When pests attack your plants, believe it or not, the plants advertise it to predators who eat those pests. Of course, they don't scream out, "Hey, there's food here!" Instead, they release volatile chemicals—natural substances that easily evaporate and diffuse through the air—that cue beneficial organisms to come over and take out the pests.
Scientists are exploring how plants use volatile compounds to attract pest predators. Researchers refer to these chemicals as herbivore-induced plant volatiles (HIPVs) because they are made in response to a plant-eating pest.
Back in the 1980s, entomologists Marcel Dicke, Ph.D., of Wageningen University (then still a student) and Maurice W. Sabelis, Ph.D., of the University of Amsterdam, both in the Netherlands, were studying spider mites on bean plants when they had a crazy brainstorm. Did the infested bean plants have a mechanism for attracting predatory mites? As it turned out, they did.
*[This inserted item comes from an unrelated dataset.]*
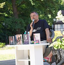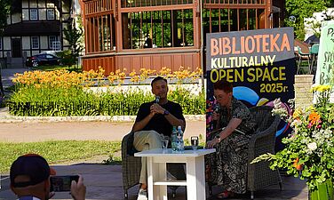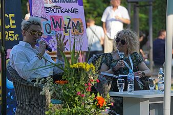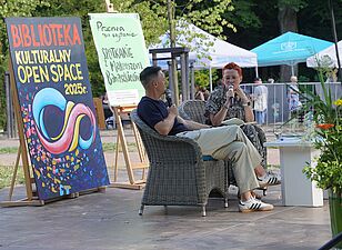 Mateusz Banaszkiewicz, członek Kabaretu Młodych Panów, opowiadał o kulisach działalności kabaretowej i książce wydanej z okazji dwudziestolecia istnienia grupy. Publiczność mogła zajrzeć za kulisy „życia w kabarecie” i posłuchać anegdot o scenie i publiczności.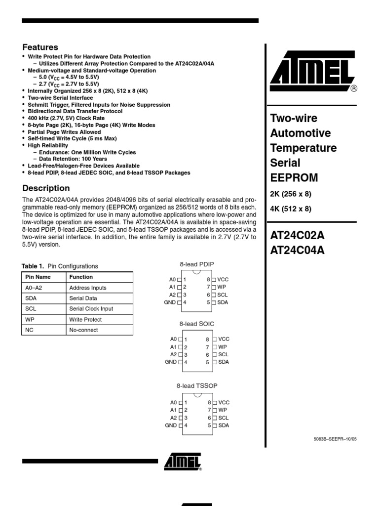WRITE PROTECT (WP): The AT24C02A/04A have a WP pin that provides hardware

Since then, scientists have found that nearly all plants produce HIPVs. For example, corn can release HIPVs under the soil to attract nematodes that parasitize corn rootworms, or above ground to attract parasitic wasps that kill stem-borer larvae. It can even sound the alarm when a stem-borer egg is laid on a corn leaf, before any damage occurs.
At the time, Dicke and Sabelis's discovery attracted little interest from plant breeders. Without realizing it, hybridizers sometimes bred the capability to produce HIPVs out of commercial crop varieties.
But times have changed. Individual plant varieties vary greatly in their ability to produce HIPVs, Dicke says. "There are some varieties that cry for help and others that whisper for help." Growers who use beneficial organisms in pest control want varieties that can "shout" with HIPVs. Breeders are now working with cucumbers to select for greater HIPV production.
Scientists also identified which volatiles corn produces when attacked by stem borers, and found that a legume in the genus Desmodium releases the same chemicals all the time. By intercropping corn with Desmodium and planting a grass attractive to stem borers around the perimeter of the field as a trap crop—a system known as "push-pull"—farmers in Kenya increased their yields more than threefold.
The technology that works in Kenya may not help American gardeners who deal with different pests and beneficial insects. More research is needed into how HIPVs might help organic growers. In the meantime, knowing about HIPVs helps us understand how our plants defend themselves against pests—without pesticides.